Prompt » For the entries below, copy exactly the line that contains "При строительстве и" through the line that contains "查看50070:hbase用", both ends included, and exclude all pictures.

Exercise inputs »
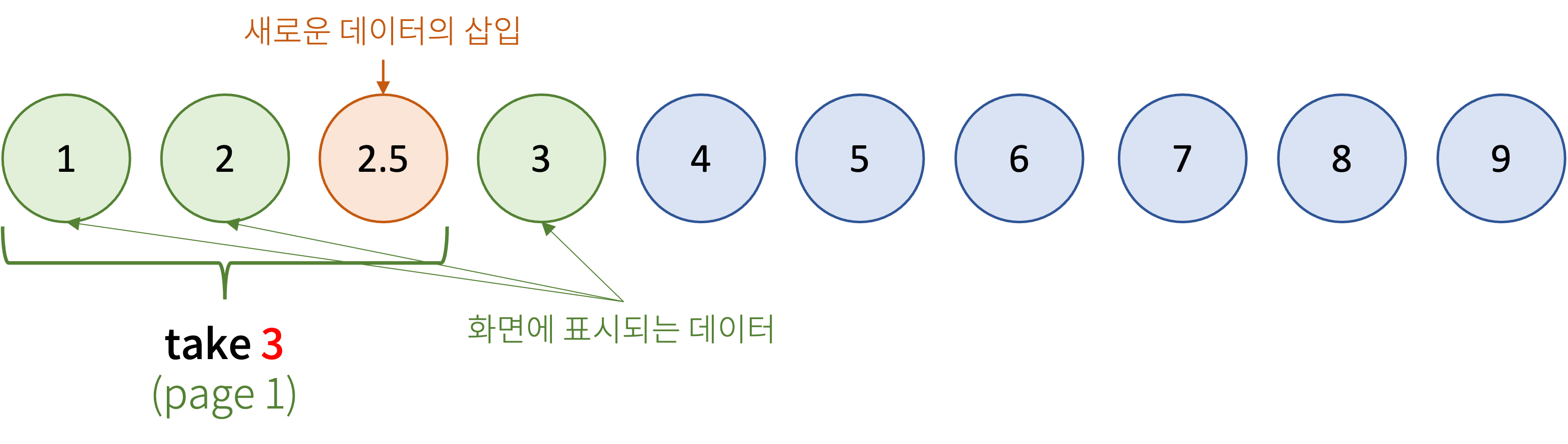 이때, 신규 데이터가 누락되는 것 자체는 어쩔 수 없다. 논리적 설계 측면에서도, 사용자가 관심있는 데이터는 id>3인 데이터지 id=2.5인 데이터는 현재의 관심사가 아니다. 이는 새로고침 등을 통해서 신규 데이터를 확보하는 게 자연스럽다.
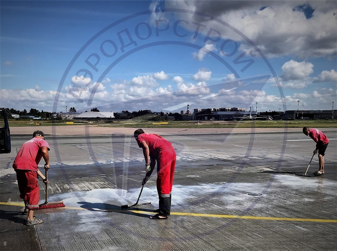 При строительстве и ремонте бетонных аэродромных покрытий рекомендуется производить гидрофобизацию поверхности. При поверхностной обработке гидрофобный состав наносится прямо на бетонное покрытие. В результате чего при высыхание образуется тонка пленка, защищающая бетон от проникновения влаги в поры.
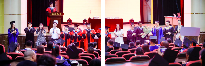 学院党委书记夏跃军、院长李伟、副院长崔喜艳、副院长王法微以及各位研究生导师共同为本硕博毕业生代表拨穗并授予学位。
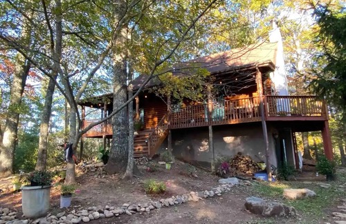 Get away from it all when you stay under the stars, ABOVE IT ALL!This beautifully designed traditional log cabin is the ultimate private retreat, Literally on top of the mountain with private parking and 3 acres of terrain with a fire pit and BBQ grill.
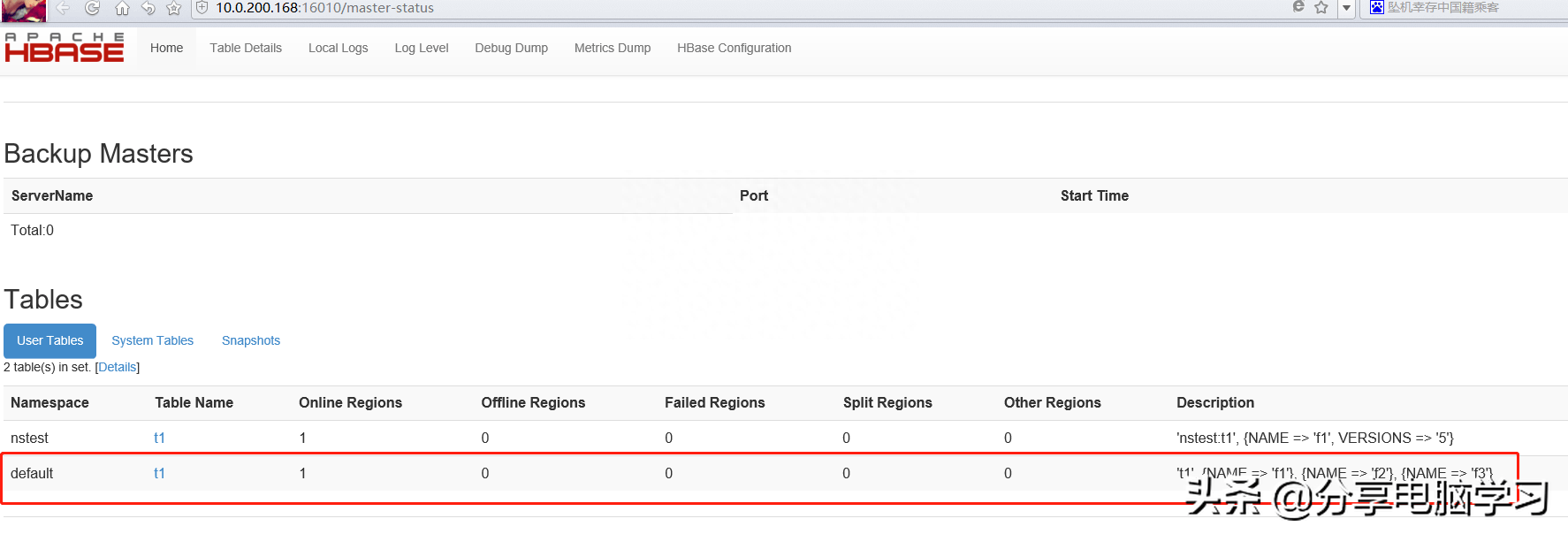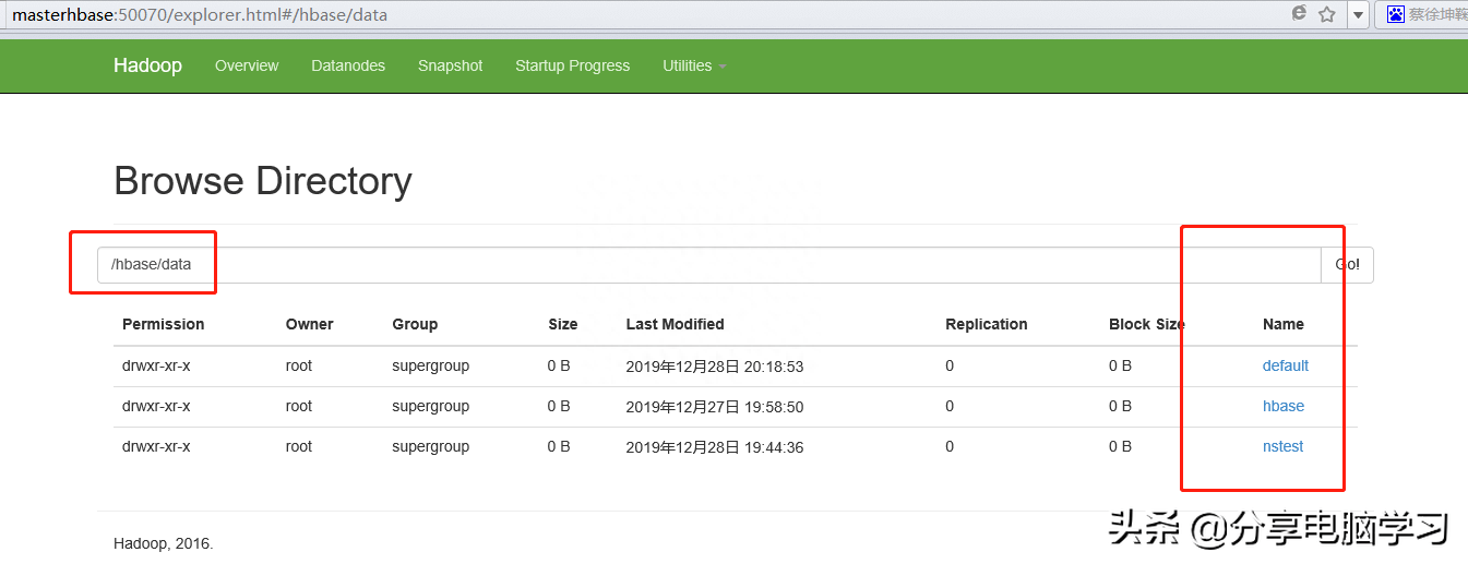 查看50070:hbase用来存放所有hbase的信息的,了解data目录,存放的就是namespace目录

...

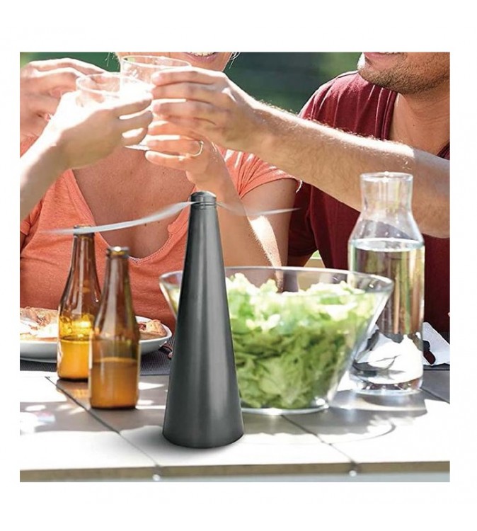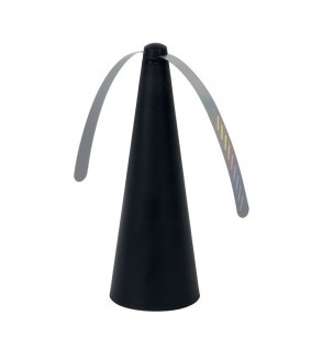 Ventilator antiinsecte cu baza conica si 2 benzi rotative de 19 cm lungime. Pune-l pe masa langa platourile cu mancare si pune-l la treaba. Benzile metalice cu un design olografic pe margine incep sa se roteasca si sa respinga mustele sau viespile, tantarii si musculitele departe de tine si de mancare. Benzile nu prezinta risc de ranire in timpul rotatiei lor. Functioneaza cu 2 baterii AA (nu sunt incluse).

Solution for this task »
 При строительстве и ремонте бетонных аэродромных покрытий рекомендуется производить гидрофобизацию поверхности. При поверхностной обработке гидрофобный состав наносится прямо на бетонное покрытие. В результате чего при высыхание образуется тонка пленка, защищающая бетон от проникновения влаги в поры.
 学院党委书记夏跃军、院长李伟、副院长崔喜艳、副院长王法微以及各位研究生导师共同为本硕博毕业生代表拨穗并授予学位。
 Get away from it all when you stay under the stars, ABOVE IT ALL!This beautifully designed traditional log cabin is the ultimate private retreat, Literally on top of the mountain with private parking and 3 acres of terrain with a fire pit and BBQ grill.
 查看50070:hbase用来存放所有hbase的信息的,了解data目录,存放的就是namespace目录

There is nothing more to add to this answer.